In Guinea equatoriale il presidente Obiang, al potere da 35 anni, nomina
vicepresidente il figlio Mangue - un vizioso che colleziona auto di
lusso, tra esse una Bugatti da 350 mila dollari che raggiunge i 300km/h
in 12 sec. Il settimanale inglese «The Economist» elenca 7 Paesi
africani su 48 come liberi e democratici: tra essi Botswana, Namibia,
Senegal, Gambia e Benin. Altrove gli autocrati perpetuano il potere
modificando la costituzione (in 18 Paesi), oppure ignorandola (Congo).
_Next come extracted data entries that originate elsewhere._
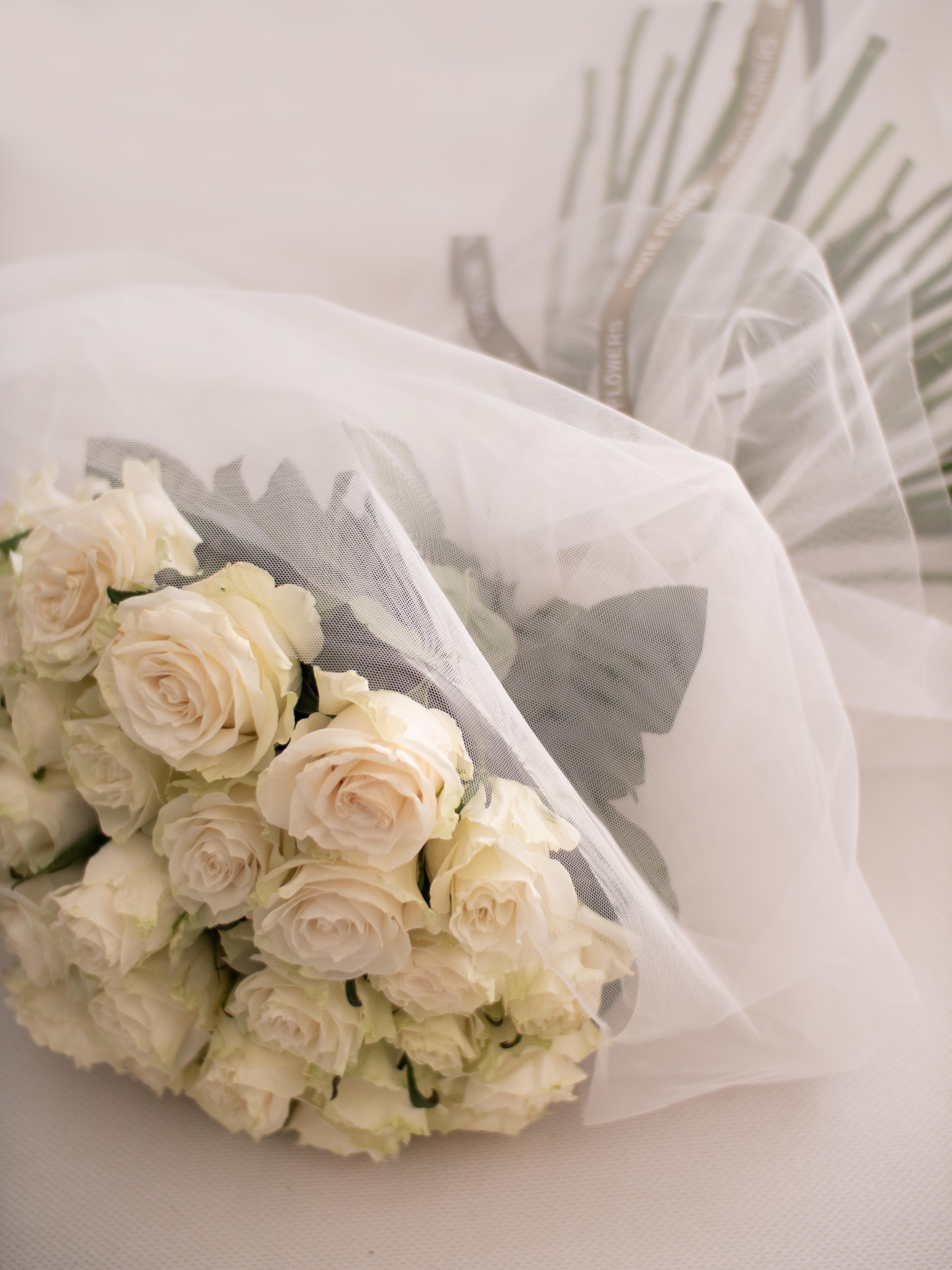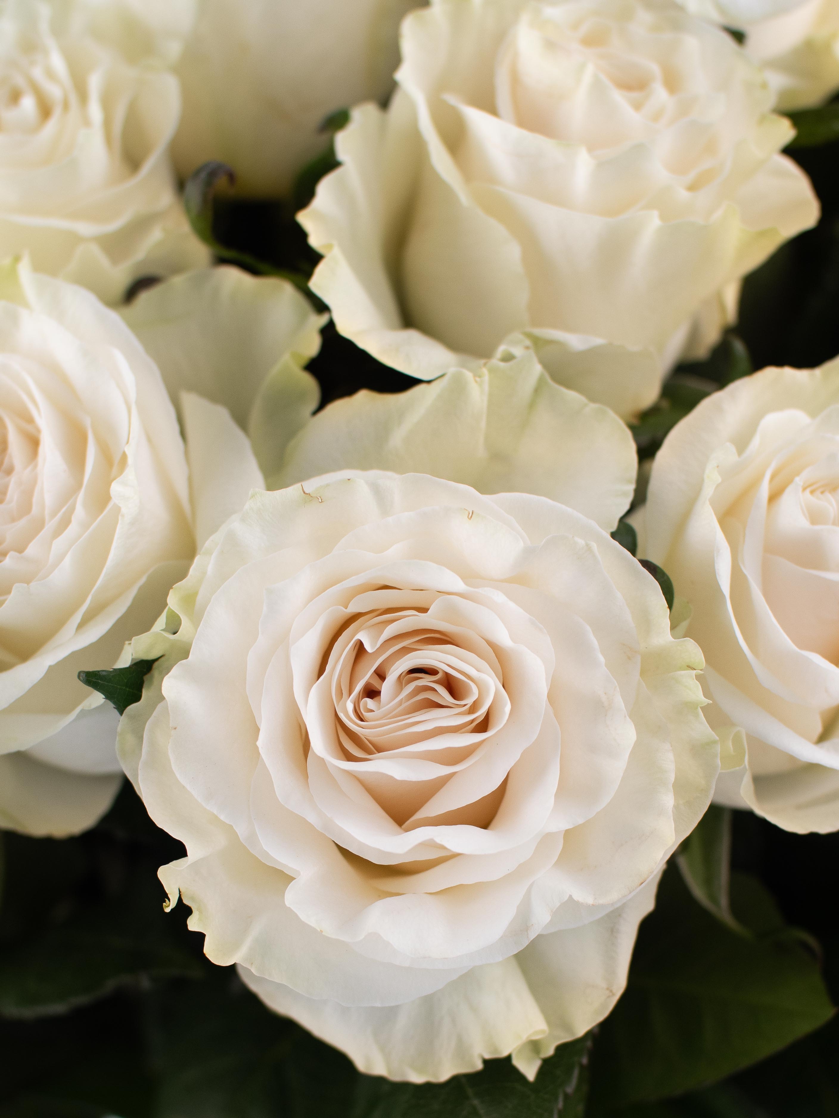 Ramo de rosas blancas. Puedes escoger el número de rosas que prefieras, hasta un máximo de 100, para crear tu ramo perfecto.
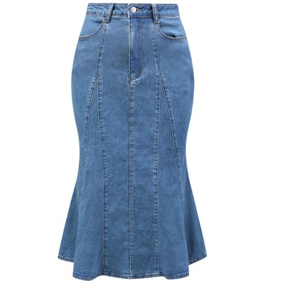 INSPIRE CHIC Women's High Waisted Flared Skirts for 1950s Solid Color Business Fishtail Midi Skirt Navy Blue Small
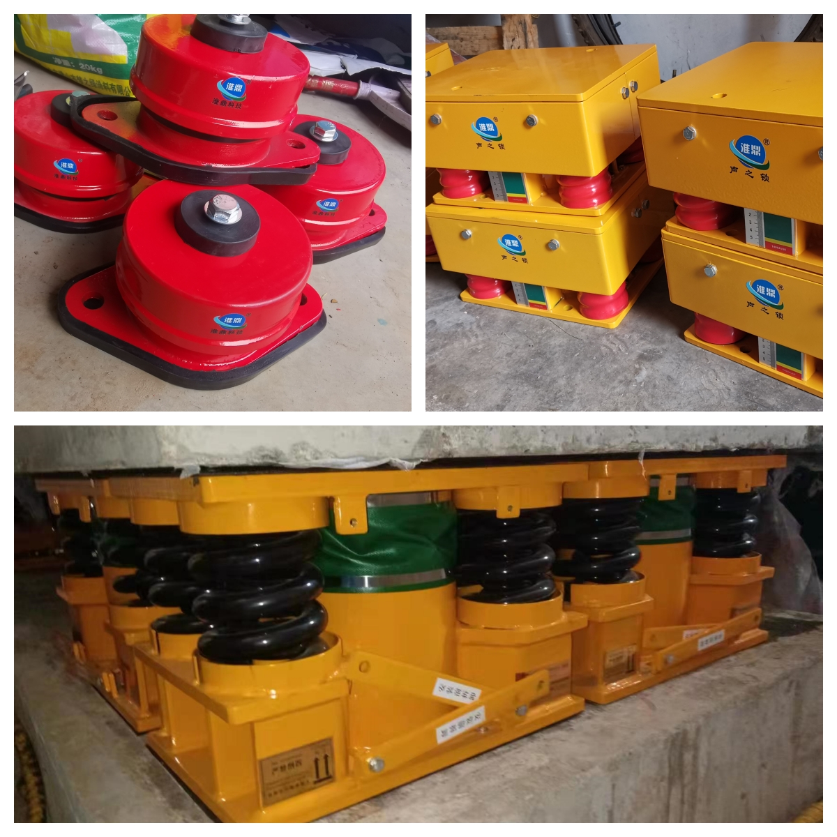 隔振器:頻率低于 6Hz的低頻靜音減振器??蛇x大撓度(不低于 50mm)低頻彈簧減振器配合天然膠墊安裝或者加裝空氣彈簧減振器。因是改造項(xiàng)目,彈簧減振器高度過大,不適合安裝,所以設(shè)計(jì)安裝超低頻靜音系列的空氣彈簧減振器、橡膠減震器、部分鋼彈簧減震器等其他減振產(chǎn)品配合使用。隔振降噪原理:空氣是振動(dòng)和噪音的不良導(dǎo)體,用隔振手段把設(shè)備與樓板隔離開,由剛性連接轉(zhuǎn)換成軟性連接,中斷振動(dòng)傳播途徑。 設(shè)計(jì)隔振效率:90%。 隔振效果:安裝后整個(gè)隔振體系的自振頻率達(dá)到 3Hz以下,低頻振動(dòng)及因低頻振動(dòng)產(chǎn)生的噪音基本消除。
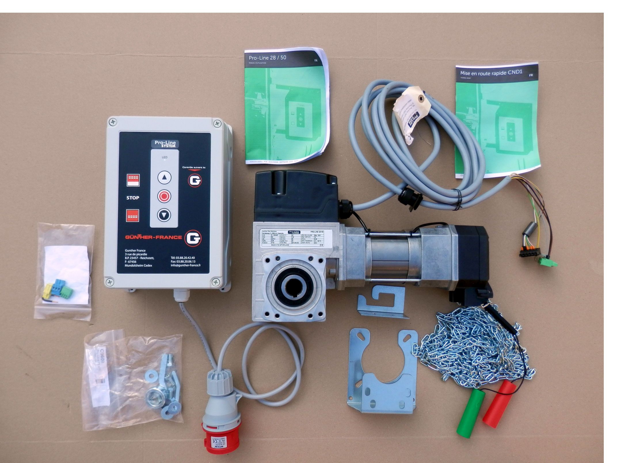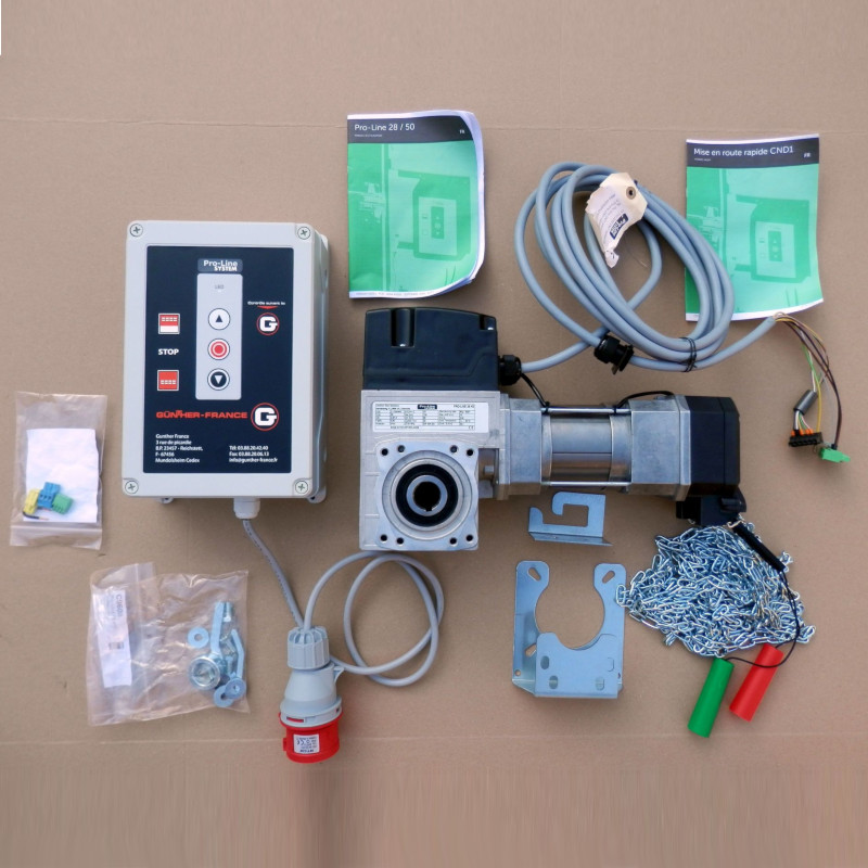Zestaw automatyki do bram segmentowych, holenderskiej firmy PRO LINE SYSTEM. Zalecany do bram o maksymalnej powierzchni 25m2. W zestawie znajduje się: napęd do bramy, centrala V7E służąca do sterowania napędem, mechanizm awaryjnej obsługi ręcznej  pozwalający za pomocą łańcucha otworzyć/zamknąć bramę w przypadku braku prądu, przewody połączeniowe, elementy montażowe.  Napęd przystosowany jest do wału o średnicy 25,4mm (1″). Zestaw zasilany jest napięciem 3N~400V.
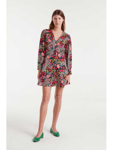 Vestido corto Compañía Fantástica, 53C/41009 SHORT DRESS, con tejido estampado Giardino, cuello pico y manga larga con puño. Cierre en la parte frontal delantera con botones, detalle de costura con fruncido en el pecho y volante en el bajo falda. Forro interior.
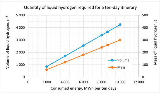 | 10-Day Itinerary | Energy [MWh] | Fuel Mass [tons] | Total Volume of Fuel Storage Needed [m3] |
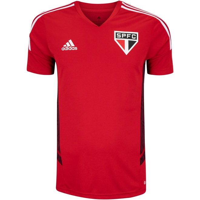 As partidas de futebol serão completadas com a camisa de treino Atletas. Especialmente para os apaixonados pelo São Paulo, a camisa adidas é uma ótima opção para realizar atividades físicas e até mesmo composições casuais.
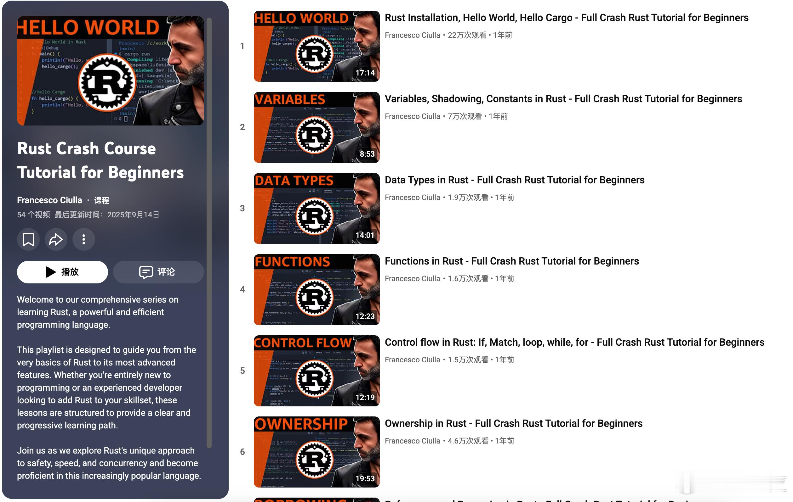 6.Rust系统开发:youtube.com/playlist?list=PLPoSdR46FgI412aItyJhj2bF66cudB6Qs
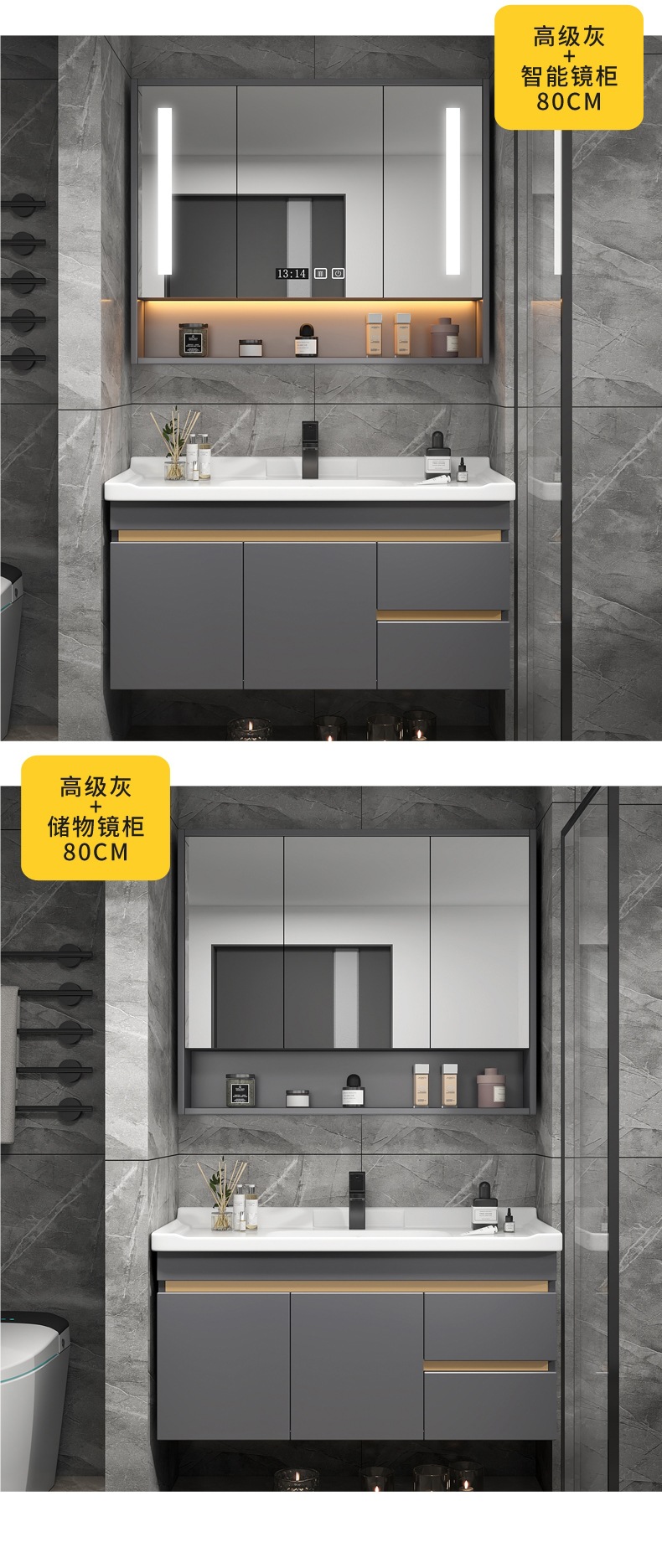 • 80cm 아이언 그레이 일반 거울 캐비닛에는 수도꼭지 액세서리가 함께 제공됩니다.
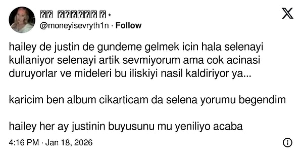 Son aylarda Bieber’ın, Selena ve Benny Blanco ile ilgili yaptığı “yanlışlıkla mı, bilerek mi?” denilen hamleler dikkat çekmişti. Önce Benny Blanco’yu takipten çıkmış, sonra Selena’yla ilgili bir hayran sayfasının paylaşımını beğenip geri çekmişti.
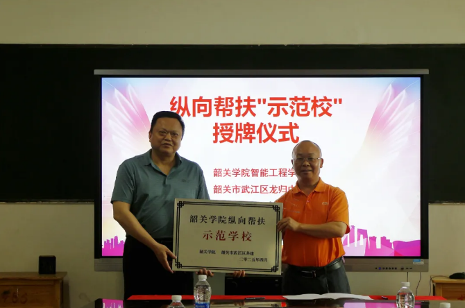 仪式上,韶关学院智能工程学院与龙归镇中心小学、龙归中学签署了纵向帮扶“示范校”建设协议,并进行了授牌仪式。此次签约标志着韶关学院智能工程学院与龙归镇中心小学、龙归中学正式建立纵向帮扶“示范校”建设新机制,双方将围绕协议内容,分阶段推进纵向帮扶“示范校”建设工作,助力龙归中学、龙归小学打造乡村教育提质示范标杆,促进武江区基础教育优质均衡发展。
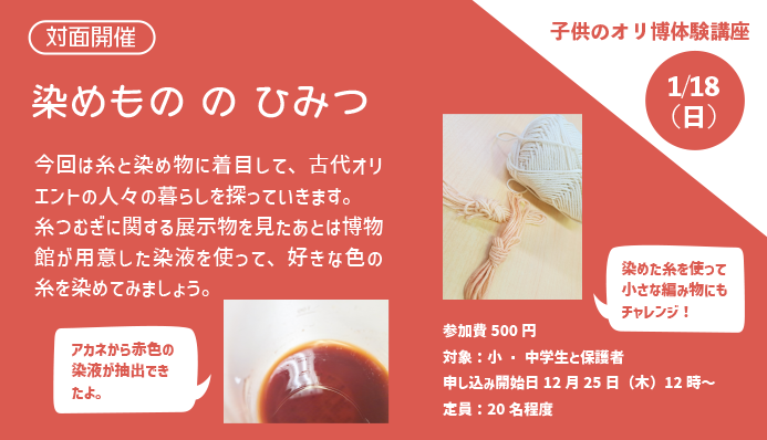 2026年1月18日(日) 【子供のオリ博体験講座】 「染めもののひみつ」
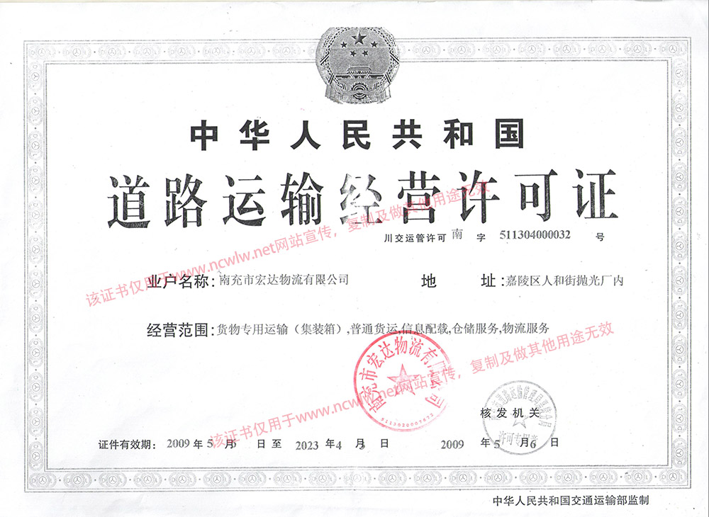 南充物流網(wǎng)(m.51mulayou.com) 南充市宏達物流有限公司道路運輸經營許可證
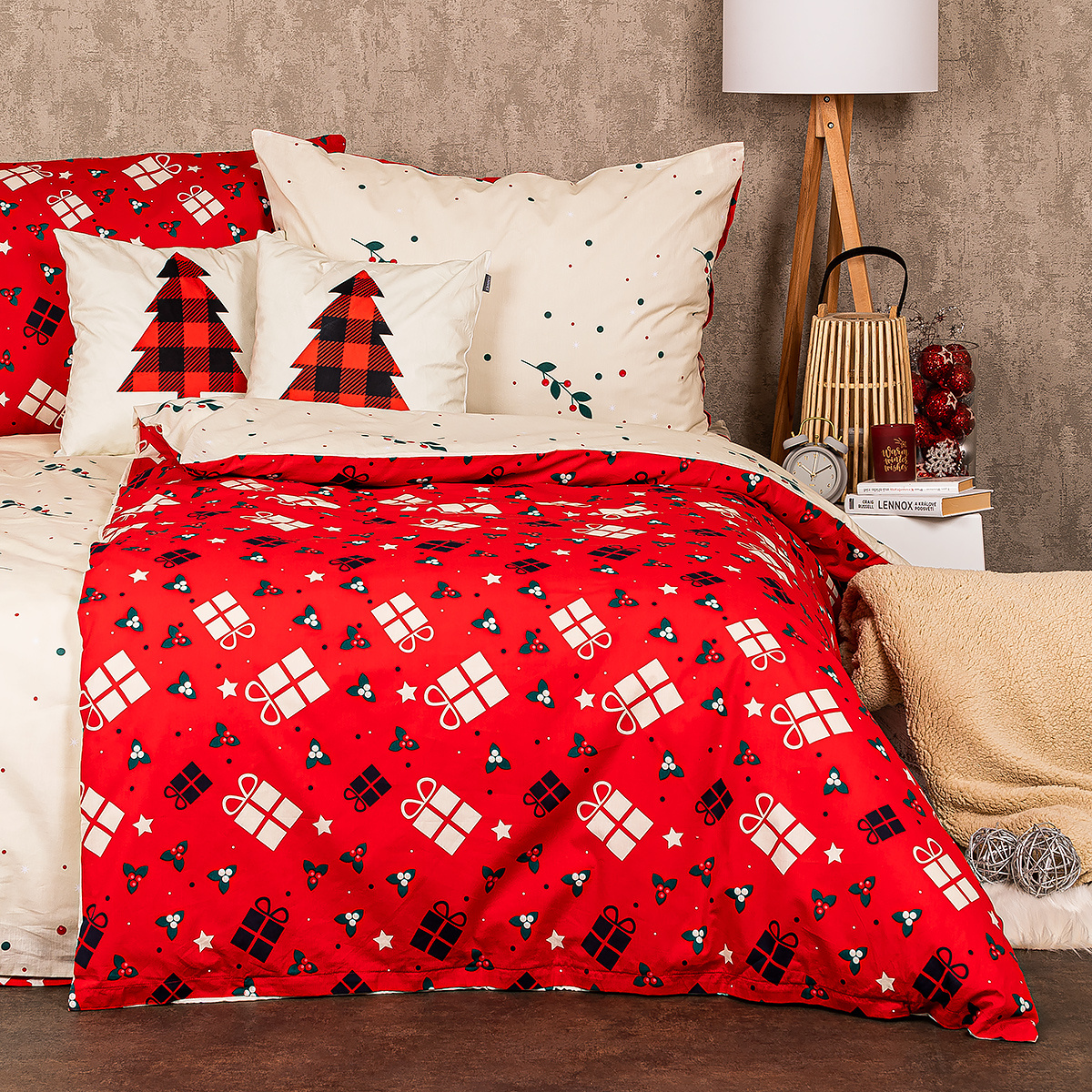 ?Bavlnené obliečky pre dokonalú sviatočnú atmosféru aj v spálni. Vianočné obliečky v červeno-krémovej kombinácii s množstvom tematických motívov zaručene prinesú isté čarovné sny plné vianočnej radosti a cinkanie rolničiek. Mäkká a príjemná 100% bavlna vám zaistí pohodlný spánok.Obliečky sú obojstranné – z jednej strany červené s veselým motívom vianočných darčekov, druhá strana je v decentnej krémovej farbe ozdobená jemným motívom cezmíny. Ideálne spojenie pre kreatívne kombinovanie. Pre maximálne pohodlie majú obliečky praktické zapínanie na zips. Súprava obsahuje:

Il vincitore «piglia tutto», dice Paul Collier di Oxford: ruba per
ripartire le spoglie con quanti l’aiutano a preservare il potere. Nulla
sfugge al suo controllo: parlamento, banca centrale, commissione
elettorale e media.
A tutt’oggi, i Paesi europei che erigono muri e
fili spinati contro gli immigrati africani continuano a depredare le
materie prime dell’Africa. Non solo oro e petrolio, disponibili altrove.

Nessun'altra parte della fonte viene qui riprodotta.